The official forecast from the currency strategy team at Citi, the foreign exchange market's single biggest player, is for the dollar to rise past parity to the euro in the third quarter of this year.
But Buiter, a past member of the Bank of England's Monetary Policy Committee and professor at Yale, Cambridge and the London School of Economics, said there was the potential for the next batch of US jobs numbers to trigger a slide.
That largely reflects doubts about the solidity of US growth, backed by poor retail sales and durable goods data this month, and his belief that the Federal Reserve will not raise US interest rates until at least December.
"There is the suspicion that the US economy is weaker than we think," Buiter said. "The next batch of US labour (figures) will be unusually important. If they confirm that weakness then we are likely to see more downward pressure on the dollar."
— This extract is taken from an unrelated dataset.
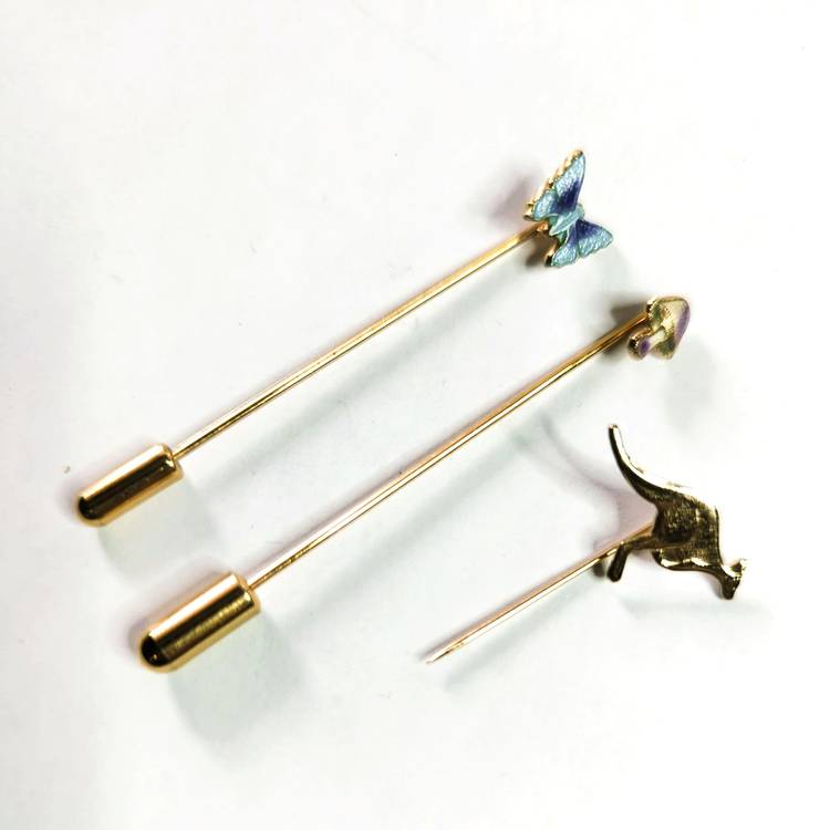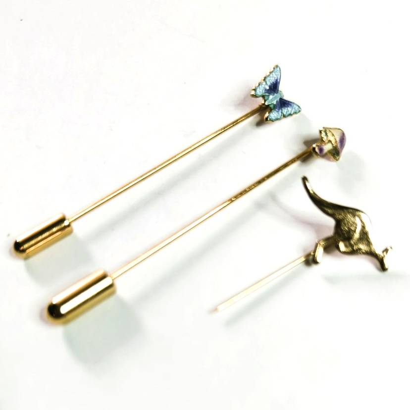 • Set of 3 gold-tone stick pins • Butterfly, heart, and kangaroo designs • Intricate detailing • Secure pin closures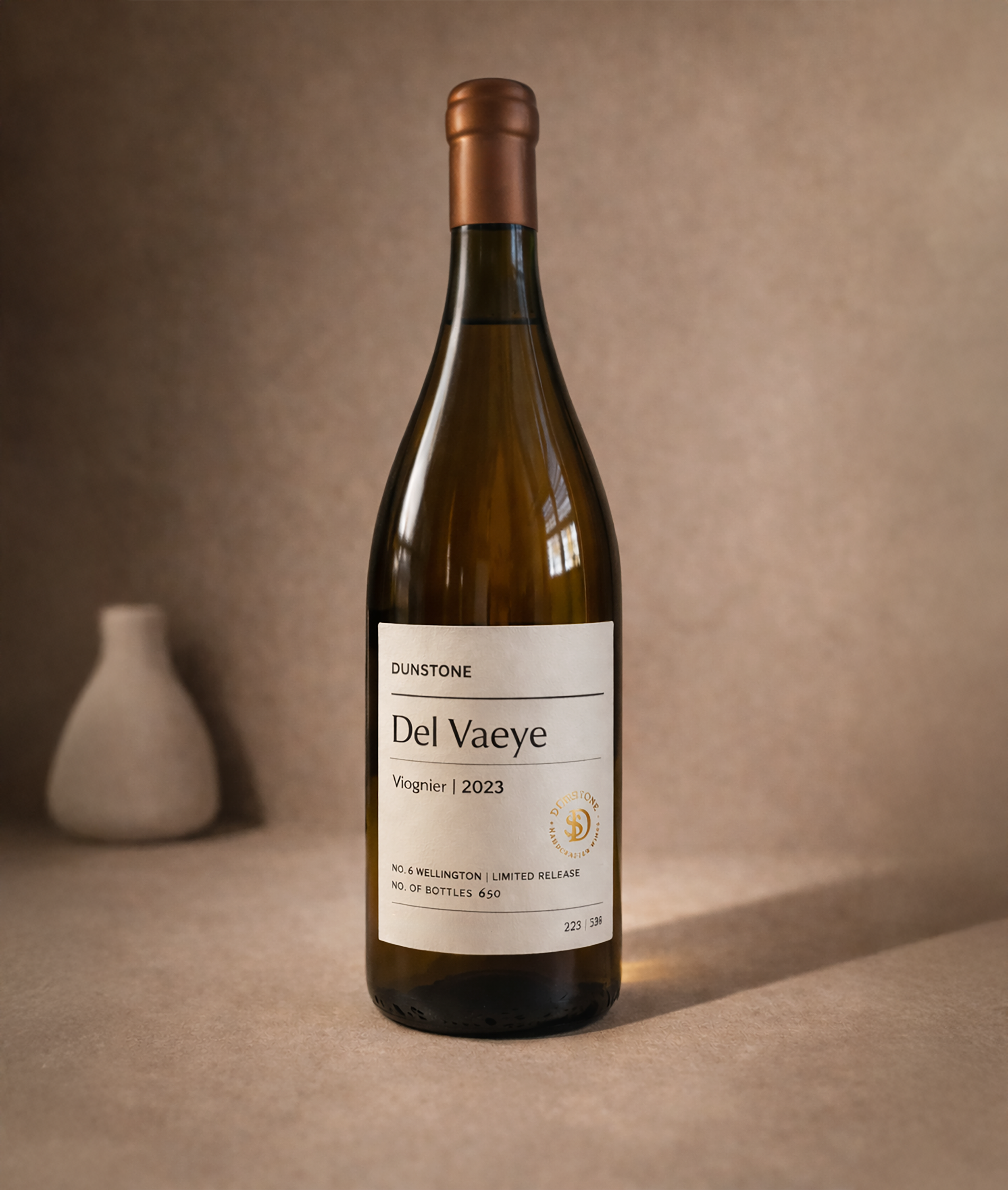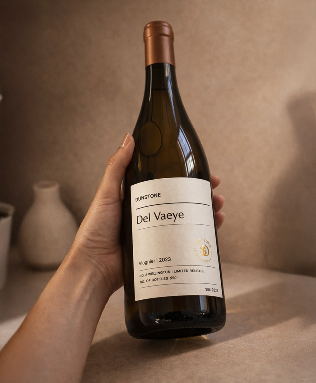 As part of the Dunstone Estate winery, The Del Vaeye label is intentionally minimal, allowing restraint and materiality to speak first. A calm typographic hierarchy, generous white space, and warm neutral tones reflect the elegance of the Viognier and the considered,

He and his colleagues from the bank's economics team said they stood by official forecasts for the dollar to strengthen further in the longer run, given the prospect of a prolonged programme of money-printing by the European Central Bank. But Buiter said expectations the Fed will hike rates in the third quarter of this year now looked misplaced. "The market is still behind the curve on the Fed increases, they are likely to move later and therefore you could expect some relative weakening on the dollar," he said.
After months when the major banks all predicted inexorable gains for the dollar, the first cracks have begun to appear.
On March 19, HSBC said it now expected the euro to be worth $1.20 by the end of 2017, arguing that a nearly uninterrupted rally in the dollar since June was nearing its end. Analysts from J P Morgan have voiced similar doubts. The euro traded at $1.0860 per dollar on Friday, up 0.2 percent on the day, and roughly halfway between the lows and highs of a volatile two weeks.